### Information shown
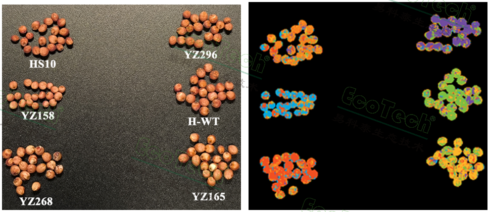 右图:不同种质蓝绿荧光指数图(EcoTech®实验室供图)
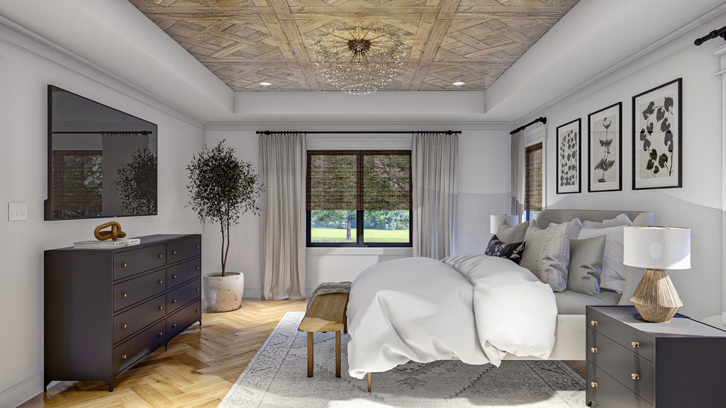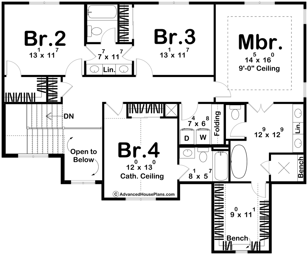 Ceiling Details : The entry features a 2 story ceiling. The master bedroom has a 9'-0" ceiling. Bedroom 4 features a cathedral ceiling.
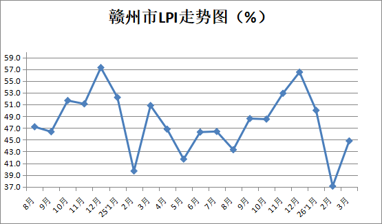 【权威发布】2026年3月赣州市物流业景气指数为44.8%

### What the task asks
Leave the pictures out, and reproduce only the lines from the line holding "Ceiling Details : The" through the last line of the material, both included.

### Output for this task
 Ceiling Details : The entry features a 2 story ceiling. The master bedroom has a 9'-0" ceiling. Bedroom 4 features a cathedral ceiling.
 【权威发布】2026年3月赣州市物流业景气指数为44.8%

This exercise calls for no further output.